Después de eso recordé cómo le habías comprado una vaca a mi primo Ángel, tu primer nieto, sólo para que tuviera leche. Mis padres, además, me contaron cuando le regalaste un terreno a tu sobrina, que era pobre y no tenía dónde vivir.

Siempre fuiste así. Dadivosa. Dando a manos llenas todo lo que tenías.

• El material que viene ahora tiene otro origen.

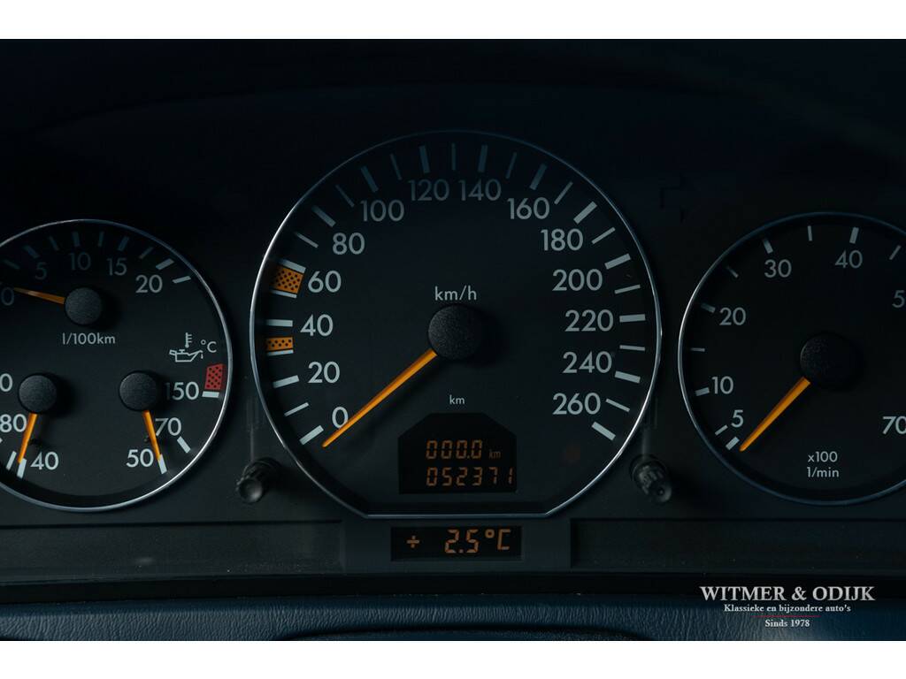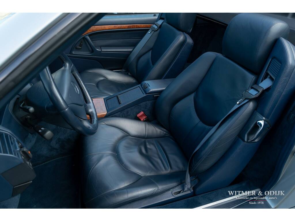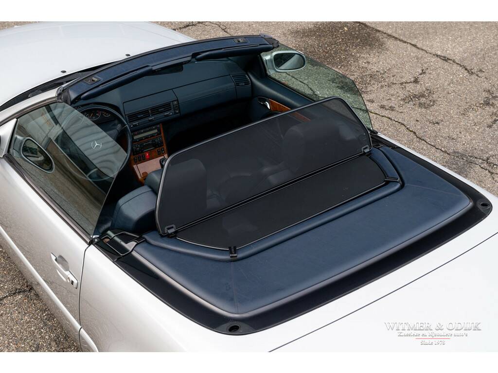 Mercedes liefhebbers weten dat de 129 serie van Mercedes van een bijna ongeëvenaarde bouwkwaliteit is. Nog niet voorzien van een grote hoeveelheid kwetsbare computers, uitgerust met knopjes die je voelt en niet binnen een paar maanden kaal zijn, voorzien van een degelijk en klassiek ogend cabriodak van stof wat niet kraakt, piept of ruist kortom tot in detail valt de degelijkheid en betrouwbaarheid van deze SL serie op. De 129 serie is over een periode van dertien jaar in drie series gebouwd, de laatste en uiteraard beste serie werd gepresenteerd in 1997 om in 2001 vervangen te worden door de R230. Eenvoudig te herkennen aan de zilveren ringen rondom de klokken in het dashboard. Hoewel de typeaanduiding staat voor Sport und Leicht is een SL zeker geen lichtvoetige sportwagen, toch wil de echte liefhebber natuurlijk zelf schakelen. Eind jaren negentig moest je daar al een flinke portie eigenwijzigheid voor mee nemen, menig aspirant koper werd door een verkoper omgepraat. 'Denk aan uw restwaarde', klonk het dan door de showroom. Slechts enkele honderden kopers hielden voet bij stuk, misschien wel met de visie dat in 2022 een handgeschakelde 129SL een gezochte auto zou zijn. In totaal werden slechts 1704 280SL's gebouwd van de laatste serie, op zich al een zeer laag productie aantal. Nu klinkt het door ónze showroom, goed voor de restwaarde! Zeker in het geval van deze bijzonder fraaie 280SL met een aantrekkelijk lage kilometerstand, zonder noemenswaardige gebruikssporen, uiteraard schadevrij en rijdend als was ze nieuw. Een echte 'Silberpfeil' met dito hardtop en fraai combinerende softtop in donkerblauw met dito interieur. Het interieur kent eveneens nauwelijks signalen van gebruik en bijvoorbeeld de kwetsbare bumpers en lichtmetalen velgen zijn geheel onbeschadigd. De auto is o.a. voorzien van automatische climat control, cruise control, airbag's, originele MB radio, windscherm, traction control en minder belangrijke opties. Vermeldenswaardig is nog wel de originele hardtop die u meegeleverd krijgt. Rijklaar en aantrekkelijk geprijsd, met de winter voor de deur, bij ons in de showroom. Straks schijnt de zon weer, leuker is dan een stuk kostbaarder.
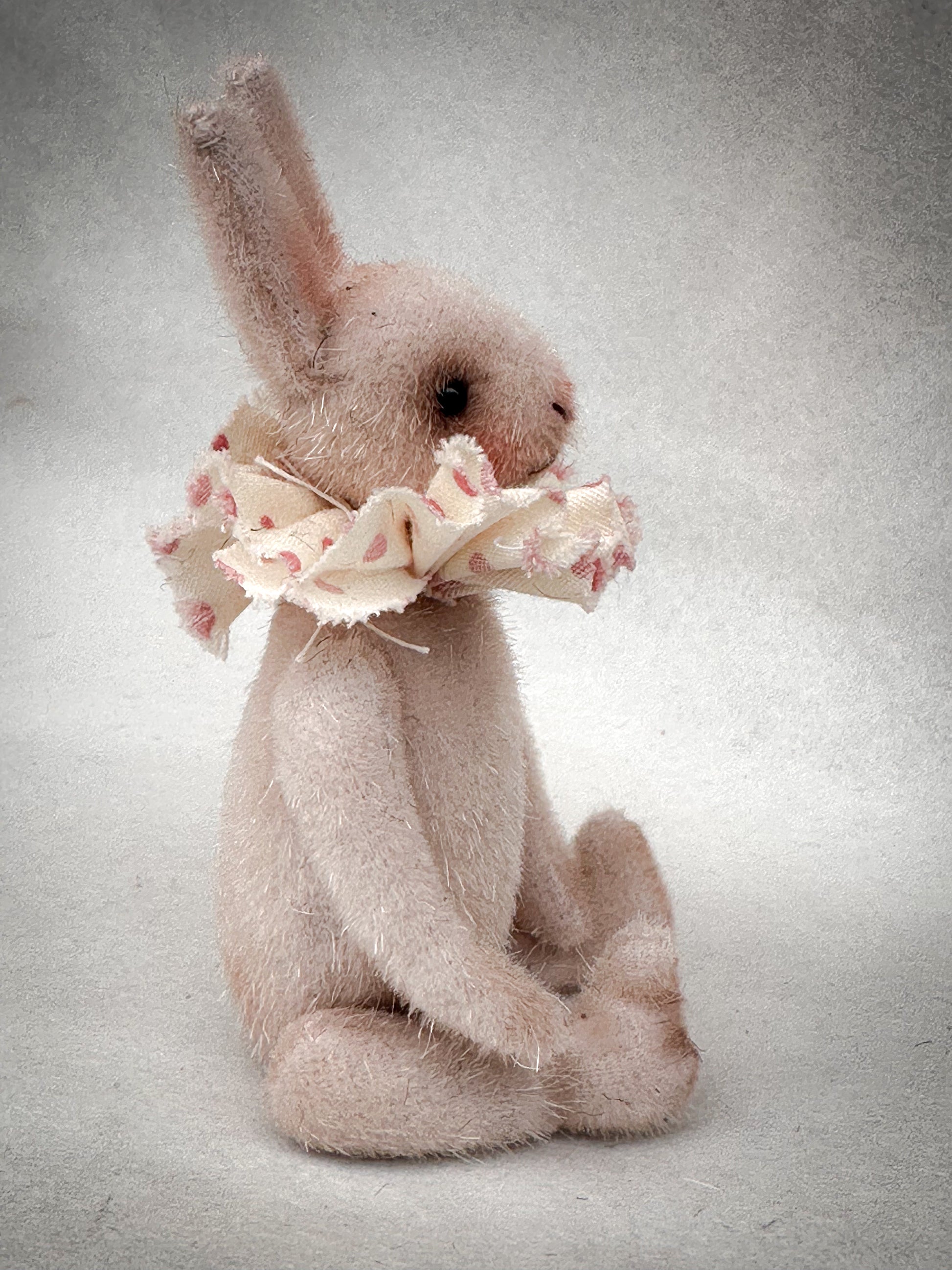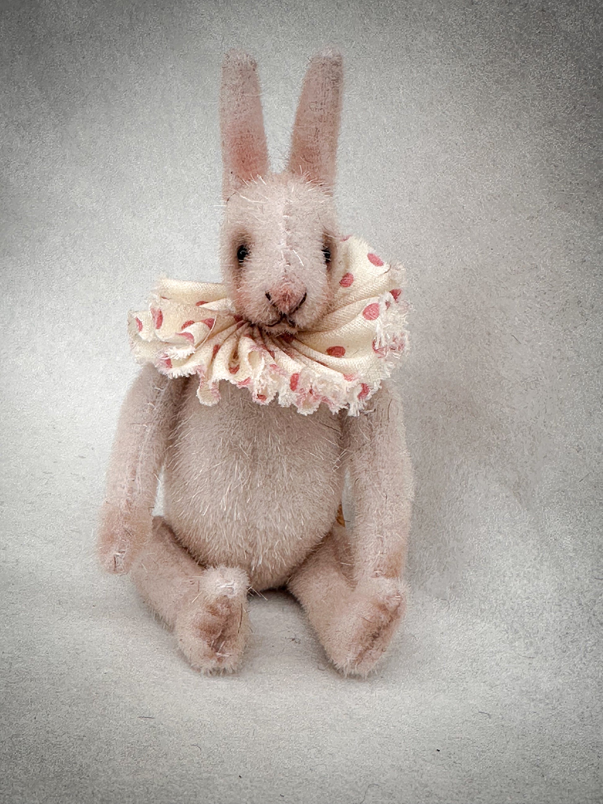 With its gentle expression, delicate blush cheeks and beautiful spotted antique cotton ruffle, this bunny is full of personality and fine craftsmanship. A wonderful collector’s piece and a timeless decorative treasure.

Discúlpame que te lo diga, abuela, pero siempre creí que ese afán de colmarnos a todos de dinero y cosas materiales, probablemente escondía otras carencias que todavía no sé cuáles eran, ni sé cómo explicarlas. ¿Qué vacío habrás tenido tú? ¿Cuál habremos tenido todos, que creíamos que tu dinero podría saciarnos algún día?

Por ejemplo, yo nunca comprendí tus distinciones. A mi primo le compraste una vaca. Era tu nieto primogénito, debiste estar orgullosa. Recuerdo las veces en que llegaba de la primaria a enseñarte su boleta de calificaciones con promedios de ochos y sietes, y cómo le hacías la fiesta; pero cómo, cuando yo me acercaba a mostrarte mis dieces y nueves, no pasaba de una mueca de indiferencia, un escueto “muy bien” tirado al aire, y una palmadita en la espalda.

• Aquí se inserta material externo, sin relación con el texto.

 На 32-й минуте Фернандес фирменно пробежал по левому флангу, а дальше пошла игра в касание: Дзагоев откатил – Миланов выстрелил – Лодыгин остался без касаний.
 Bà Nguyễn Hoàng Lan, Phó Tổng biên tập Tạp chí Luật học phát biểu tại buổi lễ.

Yo no habría querido una vaca, o que pagaras mis estudios. Lo que nunca entendí, y quizá me hizo falta, era el brillo de tus ojos que profesabas por tus otros nietos. No por este niño flacucho y miedoso, que te merecía apenas una palmada en la espalda y no un abrazo como a los demás. Por eso debo confesar con mucha vergüenza lo que me costó llorar tu muerte. Mi tía Lupe me preguntó por qué no lloraba. De inmediato reclamé lo de la vaca y las boletas.

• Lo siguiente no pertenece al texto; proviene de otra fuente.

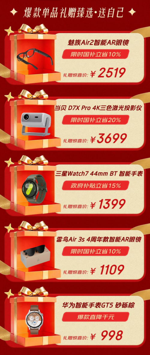 当然,最重要的别忘了犒劳自己。魅族Air2智能AR眼镜限时补贴省10%,2519元踏入未来视界;当贝D7X Pro 4K三色激光投影仪补贴立省20%,3699元打造私人影院;三星Watch 7智能手表政府补贴省15%,融合时尚与科技,礼赠惊喜价1399元;雷鸟Air 3S四周年款AR眼镜补贴省10%,1109元享受随身巨幕;华为智能手表GT5砂砾棕爆款直降千元,仅需998元,彰显运动风尚。
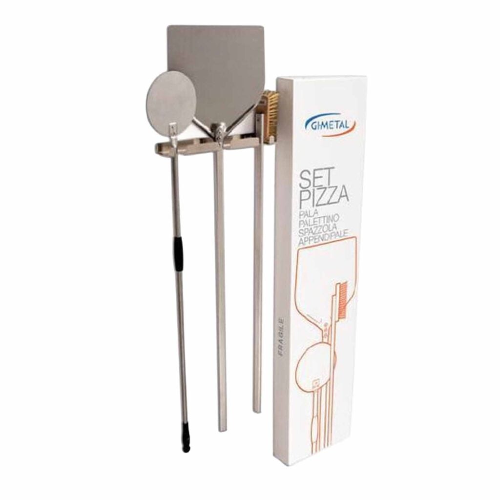 De Pizza Casa Basic scheppenset, van het merk Gi Metal bevat een pizzaschep (diameter 30 cm), een draaischep (diameter 20 cm), een ovenborstel met verstelbare kop en messing borstelharen en een muurbeugel. De totale lengte is 150 cm. Deze set bied je de basisuitrusting die je nodig hebt voor een perfect gebakken pizza. Of het nu gaat om een grote keuken, pizzeria of hobbykok met steenoven – dankzij de robuuste pizzaschep en reinigingsborstel ben je goed uitgerust voor Italiaanse avonden

—Es que mi abuelita no me quiso. Quería más a sus otros nietos —dije.

¿Sirve de algo que confiese cuánta culpa sentí entonces?

Pocos meses antes de tu muerte —¿quién lo habría imaginado entonces?—, me diste dinero para viajar a Costa Rica. Siempre tuve intención de devolvértelo. Sin ese dinero tuyo, me habría privado de tantas cosas en el viaje. Pero no es el dinero ni la vaca lo que me hacía falta. Eran, quizás, los modos. Habría deseado que me pusieras en tus piernas a bailar el «Tilingo Lingo» mientras me veías con el amor que decías tener por tus otros nietos y bisnietos (en tu primer infarto, dijiste que cuando todo se oscureció y te pareció morir, viste el rostro de tu primera bisnieta. Habría sido lo último que viste. Pero no moriste aquella vez. Viviste para contarlo). Qué locura ridícula, ¿no? A mis veintiocho años querer bailar sobre tus piernas el «Tilingo Lingo». ¡Qué vergüenza…!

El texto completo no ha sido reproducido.